Она просыпается в смурном настроении, испытывая не облегчение, а скорее недоумение от того, что жива, сонно моргая, оглядывает спальню. Замечает брошенный поперек банкетки пеньюар - и он тоже останется…
Иманд давно встал. С возрастом он, всегда любивший поспать, стал просыпаться раньше нее. Носится небось сейчас верхом по парку, взрывая свежую мягкую порошу. А может уже вернулся и ждет ее с ранним завтраком, чтоб ехать потом в Юшхольм, где в маленькой приходской церкви пройдет немноголюдная панихида и прощание с 92-летним стариком - некогда блистательным полководцем, победоносным лидером консерваторов, самым изворотливым из ее премьер-министров и законченным алкоголиком, сумевшим, однако, побороть пагубную страсть. В последние годы он тихо жил на шхерах близ Юшхольма, никуда не выезжая, ни во что не вмешиваясь. Том за томом сочинял мемуары, не утруждая себя их изданием, не нуждаясь в славе, а только в том, чтоб день за днем оживлять в памяти незабвенные годы, когда был молод, любим, силен.
Иманд как-то заметил ей, что понимает тягу генерала к писанию, мол, прожитая жизнь всегда отчасти недопрожитая, упущенная, недоиспользованная. И она ломится в сознание - жаждет быть выжатой до последней капли, требует: проживи меня - полнее, глубже, ярче, исчерпай всю, выбери до донышка. И память вкупе с воображением компенсирует нашу неспособность вбирать жизнь целиком, позволяя догонять самих себя, как Ахиллес свою черепаху.

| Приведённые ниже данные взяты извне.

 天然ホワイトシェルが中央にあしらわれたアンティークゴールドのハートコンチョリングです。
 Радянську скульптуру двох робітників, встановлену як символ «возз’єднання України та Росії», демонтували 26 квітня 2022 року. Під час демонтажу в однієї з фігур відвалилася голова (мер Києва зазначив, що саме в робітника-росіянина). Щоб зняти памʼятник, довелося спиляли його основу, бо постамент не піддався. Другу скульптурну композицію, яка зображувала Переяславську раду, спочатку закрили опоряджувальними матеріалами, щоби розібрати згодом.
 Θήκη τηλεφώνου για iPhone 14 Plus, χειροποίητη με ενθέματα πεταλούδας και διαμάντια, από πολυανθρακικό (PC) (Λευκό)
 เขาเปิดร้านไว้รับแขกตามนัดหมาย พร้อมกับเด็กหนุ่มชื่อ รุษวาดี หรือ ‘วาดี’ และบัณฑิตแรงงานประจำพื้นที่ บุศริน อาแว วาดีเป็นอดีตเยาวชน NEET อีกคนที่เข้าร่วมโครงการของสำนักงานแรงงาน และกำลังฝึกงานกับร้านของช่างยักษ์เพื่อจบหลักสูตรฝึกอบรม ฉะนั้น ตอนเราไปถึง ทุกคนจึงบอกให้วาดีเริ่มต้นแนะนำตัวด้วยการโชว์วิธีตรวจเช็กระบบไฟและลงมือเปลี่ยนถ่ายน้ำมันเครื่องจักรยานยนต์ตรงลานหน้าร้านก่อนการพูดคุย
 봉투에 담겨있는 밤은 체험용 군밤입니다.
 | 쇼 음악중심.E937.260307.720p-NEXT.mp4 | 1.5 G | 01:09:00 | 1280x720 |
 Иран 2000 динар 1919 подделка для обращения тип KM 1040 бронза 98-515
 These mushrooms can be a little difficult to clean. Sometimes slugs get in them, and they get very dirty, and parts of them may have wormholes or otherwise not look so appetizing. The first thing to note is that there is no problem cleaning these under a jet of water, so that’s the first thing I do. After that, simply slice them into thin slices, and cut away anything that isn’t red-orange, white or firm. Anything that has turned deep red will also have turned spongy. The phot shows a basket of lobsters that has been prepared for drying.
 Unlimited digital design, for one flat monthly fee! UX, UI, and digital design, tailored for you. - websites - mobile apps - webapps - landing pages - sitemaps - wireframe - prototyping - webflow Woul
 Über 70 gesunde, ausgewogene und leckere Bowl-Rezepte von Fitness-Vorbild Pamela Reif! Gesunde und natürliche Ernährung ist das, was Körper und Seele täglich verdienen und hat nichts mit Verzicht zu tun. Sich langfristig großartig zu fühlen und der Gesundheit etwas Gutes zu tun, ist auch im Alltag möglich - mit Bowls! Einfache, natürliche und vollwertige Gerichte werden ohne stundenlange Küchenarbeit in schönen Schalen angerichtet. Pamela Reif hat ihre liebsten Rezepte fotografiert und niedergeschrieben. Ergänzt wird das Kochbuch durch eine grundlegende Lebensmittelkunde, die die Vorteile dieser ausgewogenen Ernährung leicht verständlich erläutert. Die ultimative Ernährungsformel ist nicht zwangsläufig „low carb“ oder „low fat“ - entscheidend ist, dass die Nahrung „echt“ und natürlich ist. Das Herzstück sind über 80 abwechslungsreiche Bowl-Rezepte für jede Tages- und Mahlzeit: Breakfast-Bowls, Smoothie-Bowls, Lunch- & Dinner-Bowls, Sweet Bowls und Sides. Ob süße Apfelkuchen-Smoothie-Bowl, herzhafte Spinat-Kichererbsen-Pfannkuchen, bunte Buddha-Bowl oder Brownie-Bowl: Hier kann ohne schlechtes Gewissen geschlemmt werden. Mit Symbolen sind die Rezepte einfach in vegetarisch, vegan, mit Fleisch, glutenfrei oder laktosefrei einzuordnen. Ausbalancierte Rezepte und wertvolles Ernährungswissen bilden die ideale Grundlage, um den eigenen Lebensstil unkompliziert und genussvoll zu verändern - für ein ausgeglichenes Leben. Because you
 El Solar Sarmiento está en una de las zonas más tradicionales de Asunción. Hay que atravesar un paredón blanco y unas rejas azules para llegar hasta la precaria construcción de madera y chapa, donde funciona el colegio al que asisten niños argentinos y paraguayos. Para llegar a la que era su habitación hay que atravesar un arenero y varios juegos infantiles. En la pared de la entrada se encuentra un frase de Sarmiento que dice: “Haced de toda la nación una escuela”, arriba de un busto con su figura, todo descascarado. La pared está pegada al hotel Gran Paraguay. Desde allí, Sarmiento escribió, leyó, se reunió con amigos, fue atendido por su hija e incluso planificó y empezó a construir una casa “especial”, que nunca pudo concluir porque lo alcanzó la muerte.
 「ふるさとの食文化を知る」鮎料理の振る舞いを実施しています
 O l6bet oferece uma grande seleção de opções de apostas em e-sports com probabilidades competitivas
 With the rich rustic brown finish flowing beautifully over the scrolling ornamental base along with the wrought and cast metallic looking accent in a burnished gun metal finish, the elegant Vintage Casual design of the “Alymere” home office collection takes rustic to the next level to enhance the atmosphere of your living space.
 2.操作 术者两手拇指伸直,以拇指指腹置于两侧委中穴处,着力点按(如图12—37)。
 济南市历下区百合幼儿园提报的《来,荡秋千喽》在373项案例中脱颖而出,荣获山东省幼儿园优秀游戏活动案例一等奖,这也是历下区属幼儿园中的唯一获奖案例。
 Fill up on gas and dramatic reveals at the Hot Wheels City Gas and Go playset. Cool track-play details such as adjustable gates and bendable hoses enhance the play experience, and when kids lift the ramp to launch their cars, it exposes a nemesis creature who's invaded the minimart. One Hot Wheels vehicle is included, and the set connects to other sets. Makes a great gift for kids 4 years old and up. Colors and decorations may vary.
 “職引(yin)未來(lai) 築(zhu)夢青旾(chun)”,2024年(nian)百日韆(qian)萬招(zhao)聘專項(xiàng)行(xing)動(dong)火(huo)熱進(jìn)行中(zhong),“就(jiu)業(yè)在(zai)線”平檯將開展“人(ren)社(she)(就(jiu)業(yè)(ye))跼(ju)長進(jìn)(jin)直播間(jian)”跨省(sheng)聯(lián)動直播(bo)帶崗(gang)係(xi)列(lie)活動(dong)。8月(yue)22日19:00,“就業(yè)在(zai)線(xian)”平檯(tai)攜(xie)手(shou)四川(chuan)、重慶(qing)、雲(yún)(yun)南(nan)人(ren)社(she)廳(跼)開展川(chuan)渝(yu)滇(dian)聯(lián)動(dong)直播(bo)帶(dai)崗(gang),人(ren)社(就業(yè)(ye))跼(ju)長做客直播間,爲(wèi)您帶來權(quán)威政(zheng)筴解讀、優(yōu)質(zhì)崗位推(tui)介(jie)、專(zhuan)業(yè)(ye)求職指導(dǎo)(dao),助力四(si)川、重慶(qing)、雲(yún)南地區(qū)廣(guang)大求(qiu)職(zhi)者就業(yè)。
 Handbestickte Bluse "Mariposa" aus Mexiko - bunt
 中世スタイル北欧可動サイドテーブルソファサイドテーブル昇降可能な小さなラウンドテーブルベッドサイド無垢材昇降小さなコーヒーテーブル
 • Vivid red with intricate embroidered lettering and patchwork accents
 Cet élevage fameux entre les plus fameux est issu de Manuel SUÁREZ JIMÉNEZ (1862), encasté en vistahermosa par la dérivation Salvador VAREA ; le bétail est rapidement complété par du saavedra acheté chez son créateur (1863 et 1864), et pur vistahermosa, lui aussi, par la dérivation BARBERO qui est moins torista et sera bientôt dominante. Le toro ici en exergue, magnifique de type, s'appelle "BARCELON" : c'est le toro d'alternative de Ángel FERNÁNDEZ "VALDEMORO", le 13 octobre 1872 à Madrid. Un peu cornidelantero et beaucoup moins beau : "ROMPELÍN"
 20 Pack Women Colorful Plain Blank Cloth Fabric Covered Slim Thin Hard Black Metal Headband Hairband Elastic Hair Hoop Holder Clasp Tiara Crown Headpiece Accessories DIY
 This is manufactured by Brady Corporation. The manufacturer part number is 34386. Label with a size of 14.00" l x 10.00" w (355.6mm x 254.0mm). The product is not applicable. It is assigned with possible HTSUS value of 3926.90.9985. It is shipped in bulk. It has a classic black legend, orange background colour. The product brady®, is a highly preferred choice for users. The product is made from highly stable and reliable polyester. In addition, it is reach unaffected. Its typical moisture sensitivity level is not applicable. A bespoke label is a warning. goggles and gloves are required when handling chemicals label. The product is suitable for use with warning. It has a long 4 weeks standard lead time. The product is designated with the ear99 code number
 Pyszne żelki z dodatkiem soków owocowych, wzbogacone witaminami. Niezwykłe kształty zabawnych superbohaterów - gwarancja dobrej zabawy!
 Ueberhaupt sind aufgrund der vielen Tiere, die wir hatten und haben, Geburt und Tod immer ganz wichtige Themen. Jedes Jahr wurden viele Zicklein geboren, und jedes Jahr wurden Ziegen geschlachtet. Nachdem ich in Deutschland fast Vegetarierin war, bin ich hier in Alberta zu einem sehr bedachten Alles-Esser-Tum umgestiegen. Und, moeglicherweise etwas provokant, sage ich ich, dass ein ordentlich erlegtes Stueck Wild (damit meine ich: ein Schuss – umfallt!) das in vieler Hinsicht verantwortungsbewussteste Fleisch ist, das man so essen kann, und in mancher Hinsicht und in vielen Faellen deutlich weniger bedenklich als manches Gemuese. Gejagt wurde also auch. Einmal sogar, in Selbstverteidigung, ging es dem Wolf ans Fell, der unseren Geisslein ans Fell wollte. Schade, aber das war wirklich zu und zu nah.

Он понял это очень рано, впервые испытав тоску по родине среди томительно-чужих Виндхукских пейзажей: диковинной смеси немецкой колониальной архитектуры и остекленных высоток, красующихся на фоне ослепительно синего африканского неба с грубо вылепленными пастозными облаками. От этой тоски и повелись тогда их ночные разговоры с Иржиком, иногда остававшимся ночевать. Лежа рядышком на разложенном диване, не спали до рассвета, подталкивая друг дружку локтями: «А помнишь, помнишь?..»
…как залезли на Велкопржеворскую мельницу, откуда как раз выехал очередной ресторан. Внутри было темно, пахло отсыревшей штукатуркой, застарелой мучной пылью и - неистребимо - мышами. Открыли скрипучие створки окна, лихо перемахнули на помост - и вот оно: с грохотом и плеском крутящееся восьмиметровое колесо! С блестящих плиц летели холодные брызги. Вода в узкой протоке Чертовки в тот год стояла высоко, хлюпала под позеленевшими мостками, пованивала тиной. Они стали толкаться на скользких досках, норовя спихнуть кого-нибудь к Кабуреку*. Потом сзади раздалось: «Атас! Полиция!» - все попрыгали в воду и, подгоняемые свистками, помчались короткими саженками к пристани - благо, до нее рукой подать, а оттуда - бегом под Карлов мост. Ну, обошлось, словом.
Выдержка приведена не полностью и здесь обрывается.